**** Record extracts ****

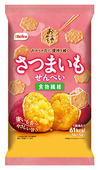 お米のやさしい風味に、パリッと軽やかな食感。おからとさつまいもを使用したほどよい甘さのお煎餅です。
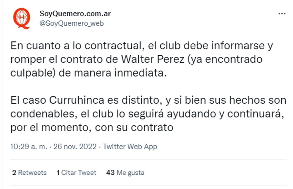El jugador "Quemero", de 24 años, había estado ocho meses preso y en septiembre de 2020 fue excarcelado ya que la Cámara de Acusación de Córdoba revocó su prisión preventiva por falta de mérito.
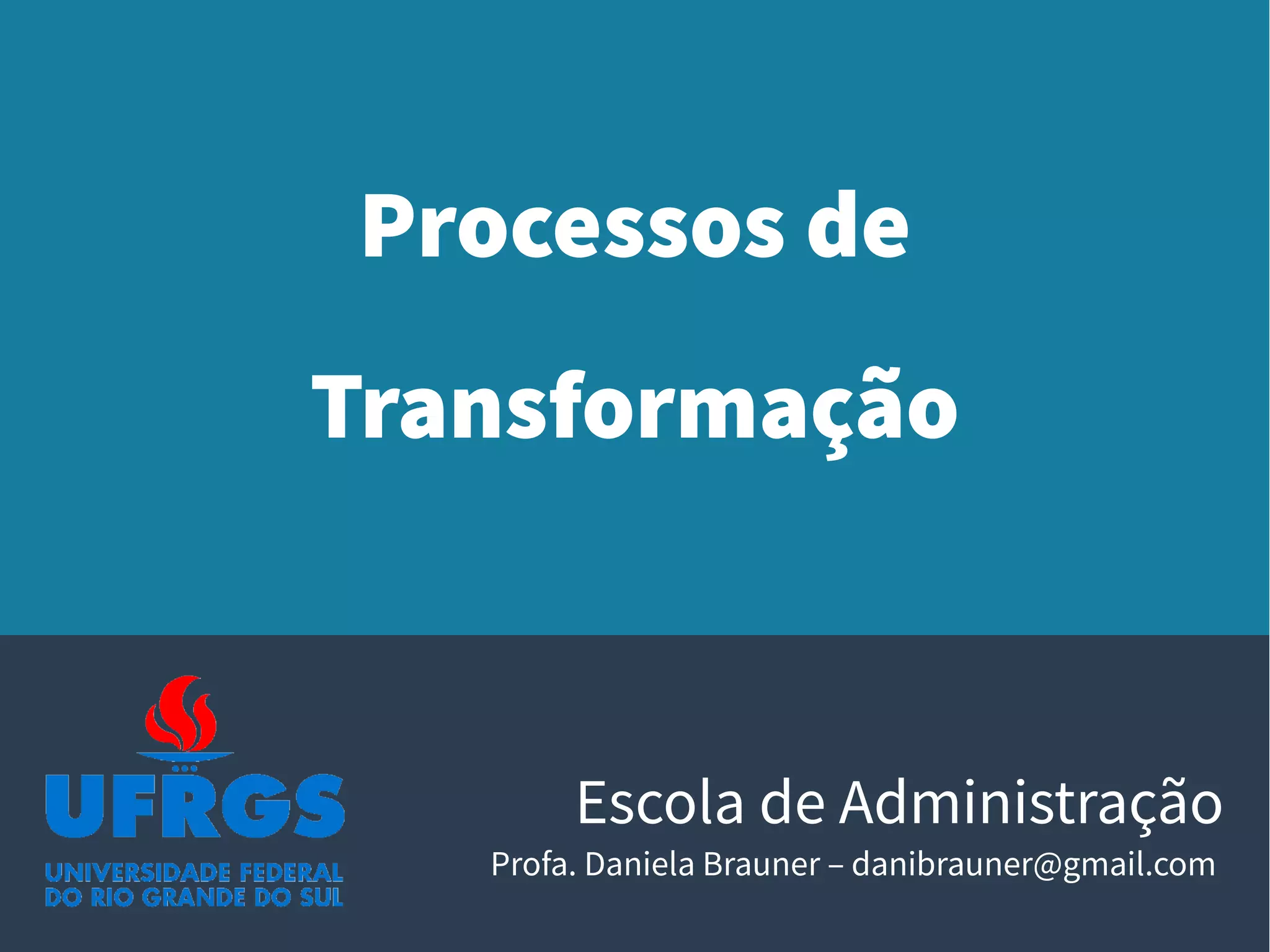 1) Processos de transformação são arranjos de recursos que transformam entradas em saídas através da produção de bens e serviços; 2) As entradas incluem recursos a serem transformados como matérias-primas e informações, e recursos de transformação como equipamentos e pessoal; 3) As saídas podem ser produtos tangíveis, serviços intangíveis, ou ambos.
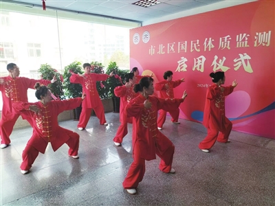 本报11月13日讯 11月12日上午,市北区国民体质监测中心启用仪式暨“北爱人才·健康相伴”人才体质健康护航活动在市北区热河路59号举行。启用仪式上,健身瑜伽、八段锦队伍进行了展示表演,市体育局群众体育处处长李莉宣布中心正式启用,市体育事业发展中心全民健身活动部部长刘昕煜、区教体局二级调研员姜新民、区委组织部副处级领导干部宋琨共同为监测中心揭牌。
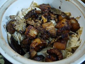 红烧肉倒入锅中,化了后加芋头,不时搅拌,不要弄碎红烧肉,25分钟左右盛出。
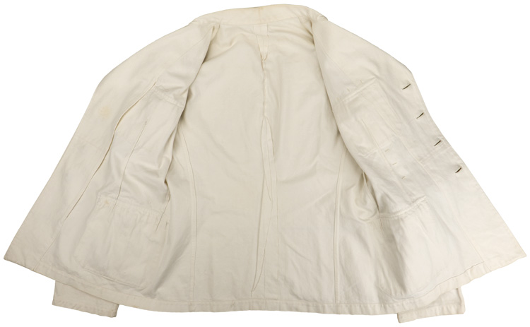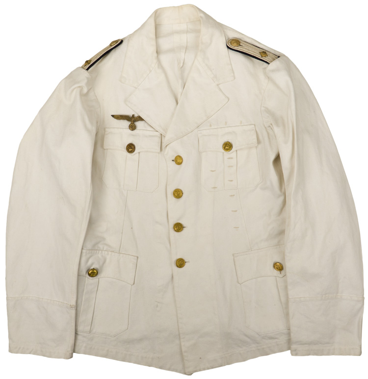 BACKGROUND: German Naval uniforms and headgear were based on traditional designs that date back to the creation of the Prussian Navy in 1848, and although the uniforms and headgear did evolve during the interim years, many items used during the Third Reich would still have been quite recognizable to the Imperial sailor. The German navy also had a long tradition of brown and white tropical/landing dress that was worn in hot climates with the white uniform also serving as a walking out dress. The tradition was continued through the Weimar era and in 1929 the Reichsmarine introduced new brown and white tropical/landing dress uniforms with stand-up collars. In 1937 the Kriegsmarine introduced new style brown and white tropical uniforms with lay down collars. With the impending entrance into the North African campaign in late 1940 the Kriegsmarine developed another new tropical brown uniform independently from the Heer and Luftwaffe, but retained the 1937 pattern white uniform. The tropical uniforms were classed as Sonderbekleidungsstücke, (Special Articles of Clothing), and were only issued to personnel serving in tropical climates. Officers and certain senior NCO ranks were responsible for purchasing their own uniforms and headgear and as a result were allotted a clothing allowance through the OKK, Offizier Kleiderkasse der Kriegsmarine, (Officer’s Clothing Account of the Navy). Although enlisted personnel were issued their uniforms and headgear from government supplies they were also permitted to purchase privately tailored items although the price may have been restrictive. Generally speaking officers bought nice quality, private purchase, uniform items but they could also choose to buy their uniforms directly from the military clothing depots. This example is the 1937 pattern, white tropical tunic.
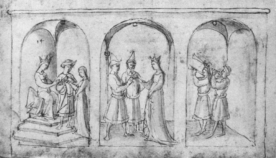 Napoli, Biblioteca Statale Oratoriana del Monumento Nazionale dei Gerolamini, C. F. 2.8, f. 17v. Il copista del manoscritto è Guido di Piero di Giovanni de Ricci. L'illustrazione rappresenta tre arcate di un loggiato: a sinistra, Ippolita unisce in matrimonio un'Amazzone ed un soldato ateniese; al centro, Ippolita sposa Teseo; a destra due musici suonano degli strumenti a fiato.
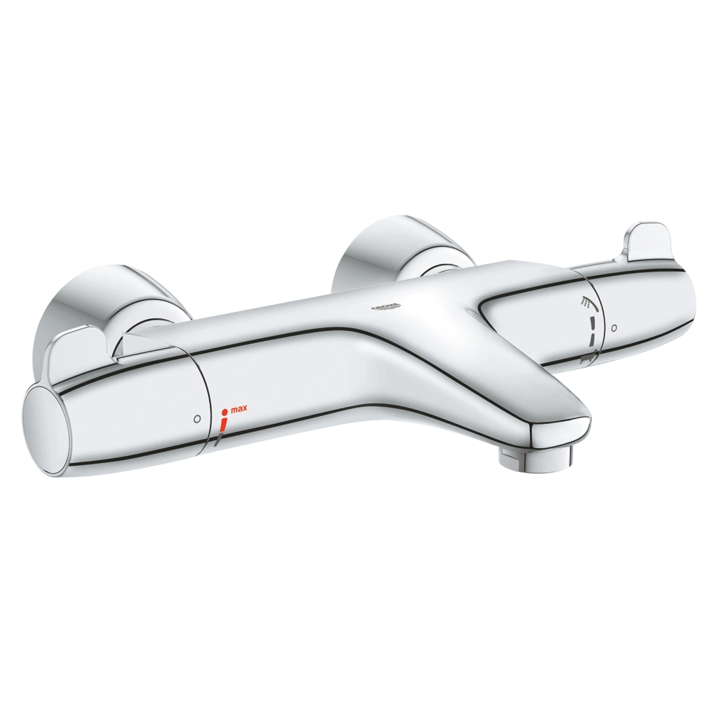 Il miscelatore termostatico vasca contiene maniglie ergonomiche in metallo ed è progettato per il montaggio a parete. La maniglia Grohe aqua dimmer contiene un regolatore di flusso, un' arresto integrato dell'acqua mista e una commutazione da bagno a doccia. Il miscelatore per vasca è dotato di un'uscita doccia integrata, di un dispositivo antiriflusso e di un fermo di sicurezza in metallo. Il fine corsa di sicurezza si trova nell'impugnatura della temperatura, è impostato tra 35 °C e 43 °C. Il getto laminare integrato è dotato anche di un filtro a trappola per lo sporco e del Grohe Quickfix per una rapida sostituzione dell'antiriflusso. Il Grohe 100% CoolTouch con custodia di sicurezza è dotato di connessioni CoolTouch S nascoste.
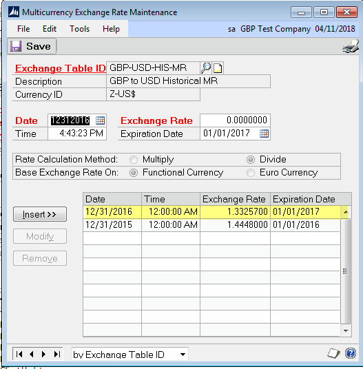 - Update the exchange table that is used for historical accounts with that exchange rate
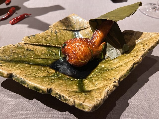 →続いては雉の雲呑スープですが、このスープのベースは蕪なので、本当清らか♫身体に染み入るような優しい味わいに癒されました(^^)そしてこのスープが最後のクライマックスへの序章でしたね♪
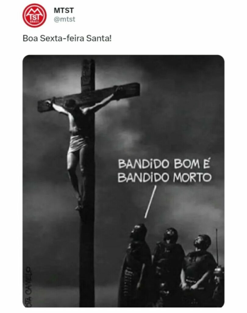 Brasil – Uma publicação gerou uma grande repercussão e indignaçãa, ao ser compartilhada pelo Movimento dos Trabalhadores Sem-Teto (MTST), nesta sexta-feira (29). O post mostrava uma imagem de Jesus sendo crucificado, acompanhada da frase “bandido bom é bandido morto”.
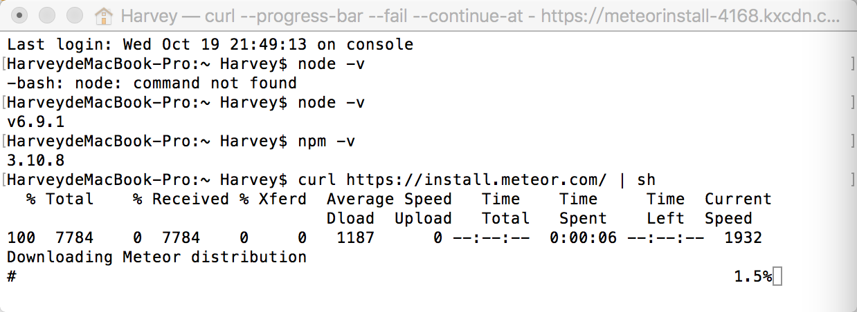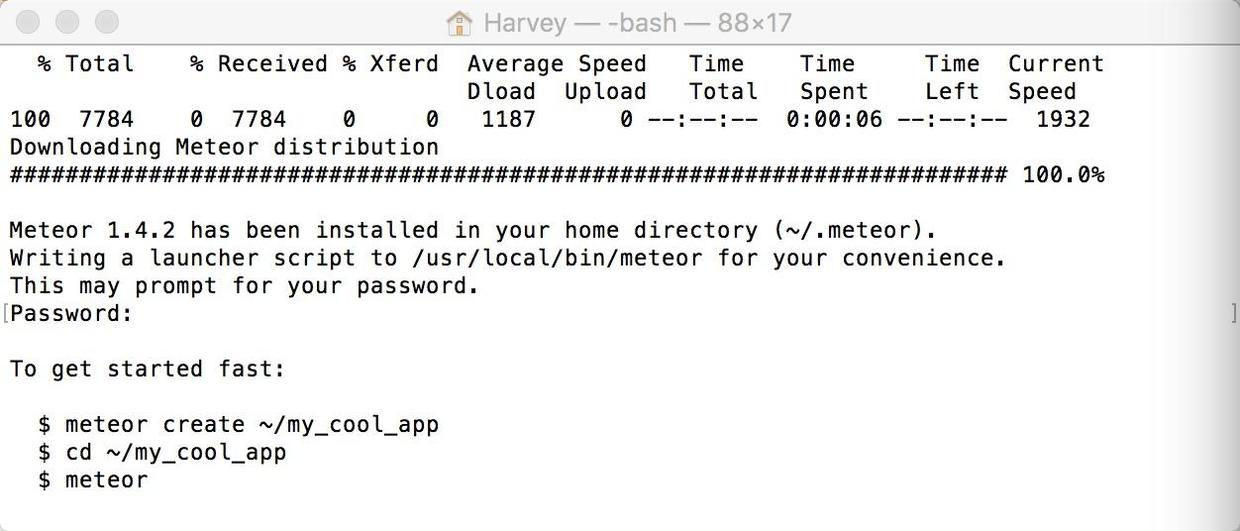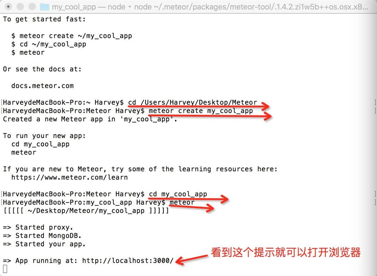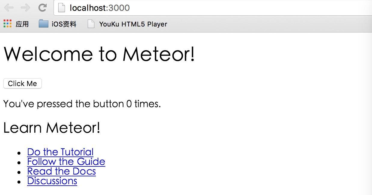 一般说来到这里,Meteror环境已经安装好了,我们可以先创建一个小工程,测试一下Meteor的环境,以确保Meteor环境正常(因为后面安装Rocket.chat会出现各种错误,导致你怀疑Metor有问题)。
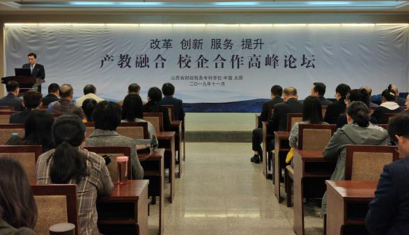 当日下午,学校还举办了“改革•创新•服务•提升”产教融合、校企合作高峰论坛,来自省内外嘉宾、高校代表、行业企业代表、校友代表和学校全体教师参加。bat365副校长李赟鹏博士主持了论坛。论坛上,江苏财经职业技术学院院长程淮中教授就《信息技术变革赋能会计专业转型发展》、中国民生投资集团副总裁王团维就《新经济新业态新职教》、中联资产评估集团有限公司董事局主席王子林研究员就《智慧财经产教深度融合与“双高”建设》、中国连锁经营协会副秘书长郭玉金就《大数据时代下的连锁业人才需求》、山西黎氏阁商贸有限公司董事长张红生就《新商业、新消费、新增长—社区商业让生活更美好》、山西同方知网总经理助理教育事业部总经理王军就《中国知网学科大数据助力财专“双高”建设》、新道科技股份有限公司总裁杨晓柏就《兴建产业学院培养数字人才》等进行了交流。
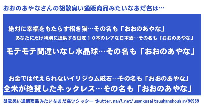 | ヘコむあだ名 | 『おおにゅー』『おおのあやな(笑)』 |
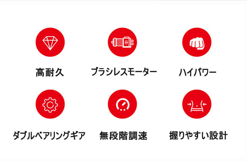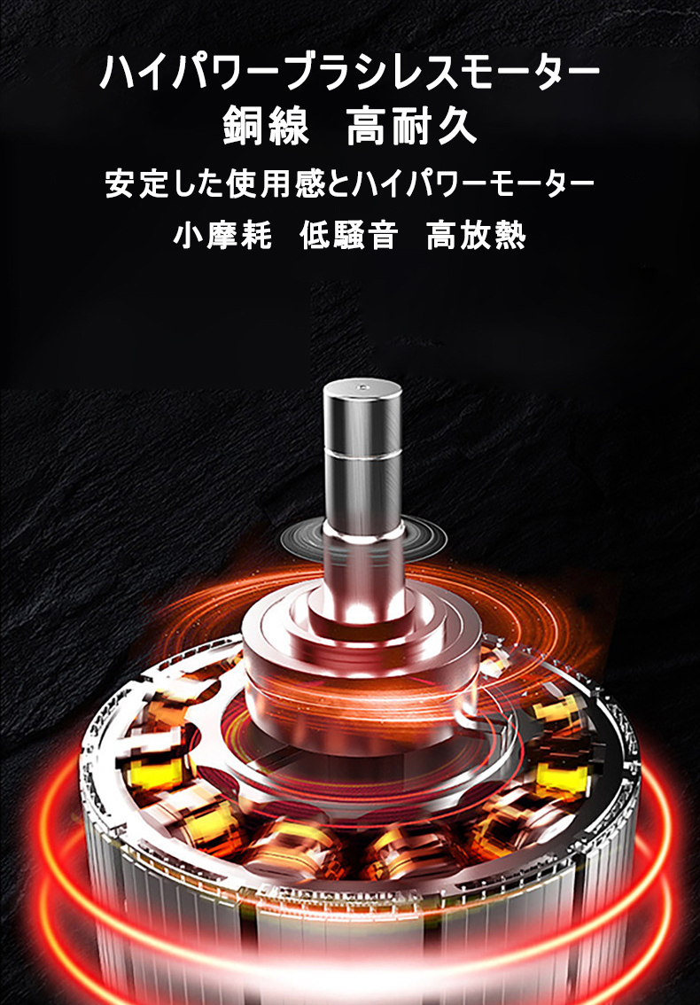 ◆ブラシレスモーター:使用中に火花が発生せず、モーターが摩耗しません、寿命、効率が大幅に高まりハイパワーモーターにより、更にパワフルな作業が可能になりました。
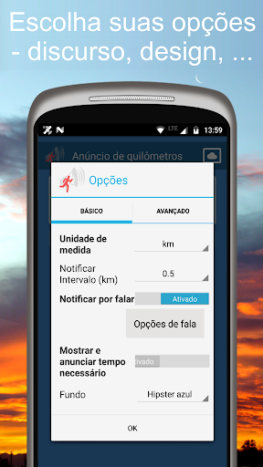 O Anúncio de quilômetros é um conta-quilómetros que anuncia a cada um quilômetro (ou dois quilômetros), quanto você já precorru a caminha, correr, ou a andar de bicicleta – vôce não tem de mover o seu smartphone (telemóvel/celular) do seu bolso!
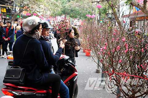 | Người dân dừng lại mua hàng hóa cũng là nguyên nhân khiến nhiều tuyến phố ùn tắc ngày giáp Tết |
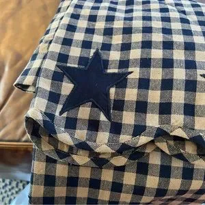 Never used 2 full sets. One set is opened but not undone. So cute and charming Navy Star Scalloped full length curtains. Will add such charm to any primitive decor!

****

### Required work
Say again, word for word, the lines beginning at the top of the data and ending with the line that has "红烧肉倒入锅中,化了后加芋头,不时搅拌,不要弄碎红烧肉,25分钟左右盛出。". Skip the pictures.

### Output
 お米のやさしい風味に、パリッと軽やかな食感。おからとさつまいもを使用したほどよい甘さのお煎餅です。
El jugador "Quemero", de 24 años, había estado ocho meses preso y en septiembre de 2020 fue excarcelado ya que la Cámara de Acusación de Córdoba revocó su prisión preventiva por falta de mérito.
 1) Processos de transformação são arranjos de recursos que transformam entradas em saídas através da produção de bens e serviços; 2) As entradas incluem recursos a serem transformados como matérias-primas e informações, e recursos de transformação como equipamentos e pessoal; 3) As saídas podem ser produtos tangíveis, serviços intangíveis, ou ambos.
 本报11月13日讯 11月12日上午,市北区国民体质监测中心启用仪式暨“北爱人才·健康相伴”人才体质健康护航活动在市北区热河路59号举行。启用仪式上,健身瑜伽、八段锦队伍进行了展示表演,市体育局群众体育处处长李莉宣布中心正式启用,市体育事业发展中心全民健身活动部部长刘昕煜、区教体局二级调研员姜新民、区委组织部副处级领导干部宋琨共同为监测中心揭牌。
 红烧肉倒入锅中,化了后加芋头,不时搅拌,不要弄碎红烧肉,25分钟左右盛出。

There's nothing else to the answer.